Всеобщая печаль и поклонение соседствовали с гневом. Все требовали смерти убийц Марата, так как многие верили, что Друг народа пал жертвой заговора. «Математически доказано, что чудовище, которому природа придала облик женщины, послано Бюзо, Барбару, Саллем и прочими заговорщиками, скрывшимися в Кане. Эта женщина всего лишь инструмент в руках канских заговорщиков», — заявлял Кутон. На основании строчки из записной книжки, найденной у английского шпиона (Июль 2. Послано Ж. с М. в Кан 60 тысяч ливров), попытались соединить имя Корде с иностранными заговорщиками: ведь Шарлотта прибыла в Париж в июле и, по ее собственному признанию, после убийства собиралась ехать в Англию — если бы, конечно, ей удалось бежать. «Марат стал жертвой аристократов», — безапелляционно судил Эбер, а его «Папаша Дюшен» писал: «О, дьявольщина, Марата больше нет!

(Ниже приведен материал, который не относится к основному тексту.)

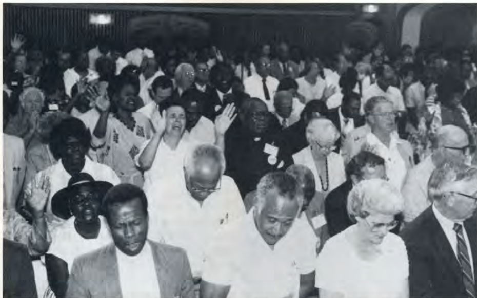
Ministers deep in prayer at Sunday service in the Seoul headquarters church.

7,000 people himself. That was his whole ministry, but not enough of the people accepted and followed him.

Рыдай, народ, оплакивай своего лучшего друга, он умер мучеником свободы. Департамент Кальвадос изрыгнул чудовище, под ударами которого пал Друг народа!» Ему вторили пламенные гражданки: «Он пал от руки фурии, руководимой коварными депутатами, которых он разоблачил и которые, не будь Марата, уничтожили бы нашу свободу, а потому Конвент, заботясь о благе народа, исторг их из своего лона!» Член Якобинского клуба гражданин Гиро произнес перед депутатами Конвента прочувствованную речь, сравнив убийцу Марата с исчадием ада: «Чудовище более отвратительное, чем те, что обитают в аду, беги отсюда, беги в пустыню, бреди по острым скалам, по раскаленному песку, не имея ни пищи, ни воды, и пусть для утоления жажды у тебя будет только кровь, а для утоления голода — трупная плоть, которую у тебя станут оспаривать тысячи червей!» На многочисленных собраниях, устраиваемых, чтобы почтить память Марата, санкюлоты говорили: «Раздор поджигал факел гражданской войны во многих департаментах, федерализм, нашедший пристанище в Кальвадосе, поднимал свою омерзительную голову. О, чудовище! Любезный пол, оно приняло твои соблазнительные формы; оно облачилось в твои достоинства; оно позаимствовало у тебя твою трогательную речь. Чудовище, изрыгнутое Каном, Шарлотта Корде, была агентом тех, которые использовали ее, чтобы сократить дни Марата.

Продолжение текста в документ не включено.